Risk Management (image courtesy of matrixsafety.com.au)

Jun Wang, University College London and Kevyn Collins-Thompson, Microsoft Research

[bibtex file=mypublications.bib key=ecirtutorial]

1. Course objectives

Risk modelling and management are a new concept in Information Retrieval (IR) modelling. The new way of  thinking has significantly departed from the classic information retrieval methodologies originated from the Probability Ranking Principle, the Robertson- Spärck Jones model (the resulting BM25 formula), and the statistical language models. The recent research  in risk-aware IR models has been made by taking an analogy with the financial risk management. It has been demonstrated that the idea about uncertainty and retrieval risks, as well as the resulting mathematical modelling tools, not only provide theoretical explanations of some empirical retrieval results (e.g., the need for diversification, the trade-off between MAP and MRR, and the justification for pseudo-relevance feedback), but also help us develop useful retrieval techniques such as risk-aware query expansion and optimal document ranking.

The tutorial is aimed at providing a comprehensive introduction of the emerging risk modelling and management techniques in information retrieval systems. While the basic theories (such as portfolio theory of IR and mean-variance analysis) and risk models of information retrieval are covered, the tutorial is also focused on the resulting practical algorithms of query expansion, relevance ranking, IR metric optimization as well as their performance evaluations. Practical IR applications such as Web search engines, multimedia retrieval, and collaborative filtering will also be covered, as well as discussion of new opportunities for future research and applications.
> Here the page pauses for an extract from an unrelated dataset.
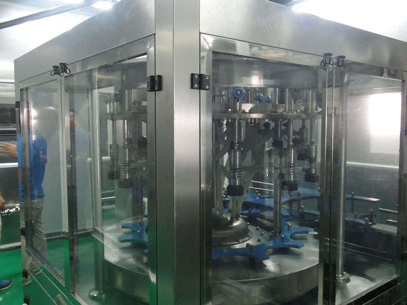 本系列设备用于聚脂瓶装各种纯净水、矿泉水的生产。在一机上实现冲瓶、灌装、封盖。整机设计科学合理,外形美观,功能齐全,操作维修方便,自动化程度高。综合采用意大利、德国先进技术。灌装速度快,液面控制稳。采用风送进瓶、夹瓶口、冲洗、卡瓶口灌装、封盖、不受瓶子高矮限制,只要瓶口、瓶盖相同随意更换瓶形,更换一下拔轮板即可。油尼龙齿轮传动,噪声小,整机运转平稳。采用磁力扭矩式拧盖头,实现抓盖、拧盖功能。拧盖力矩无级可调,具有恒力矩旋封塑盖功能,且不伤盖,封口严密可靠。水平回转式气力理盖器,具有不损坏瓶盖表面,料斗内缺盖发信号自动补充盖等功能。整机采用PLC电脑程序控制及人机界面触摸屏按钮,具有料缸内液面自动控制,无瓶不灌装,无瓶不加盖功能,并有拨瓶星轮卡瓶错位停机,盖滑槽内缺盖停机等功能。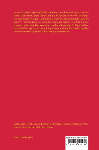 Im europäischen Spitzenfußball dominiert eine kleine Gruppe von Vereinen. Diese statistische Untersuchung analysiert für die vier wichtigsten europäischen Ligen - Bundesliga, Premier League, Primera División, Serie A - die Tendenz zur Dominanz weniger Vereine. Ein Blick auf die kommerziell ebenfalls erfolgreiche nordamerikanische Profiliga im Basketball - NBA - legt nahe, dass mit regulierenden Eingriffen in den Ligabetrieb eine stärker egalitäre Entwicklung möglich wäre.

2. Its relevance to the information retrieval community

The theoretical research and mathematical modelling of IR systems are the key driver behind the development of the information retrieval (IR) field. The first theoretical study of information retrieval can be traced back to Maron and Kuhns’ Probabilistic Indexing paper in 1960, where the classic school of thinking about IR systems was established [1]. We call it individualism here as the goal is to come up with a relevance score for each of the documents, and to rank them individually with respect to those scores [2, 3]. The two different document-oriented and query oriented views on how to assign a probability of relevance of a document to a user need has resulted in two different types of practical models. The Robertson- Spärck Jones model (the resulting BM25 formula) takes the query-oriented view (or need-oriented view), assuming a given information need and choosing the query representation in order to select relevant documents against others [4], while in the document-oriented view, the language models aim to choose the appropriate document representation to match queries or judge its relevance [5, 6].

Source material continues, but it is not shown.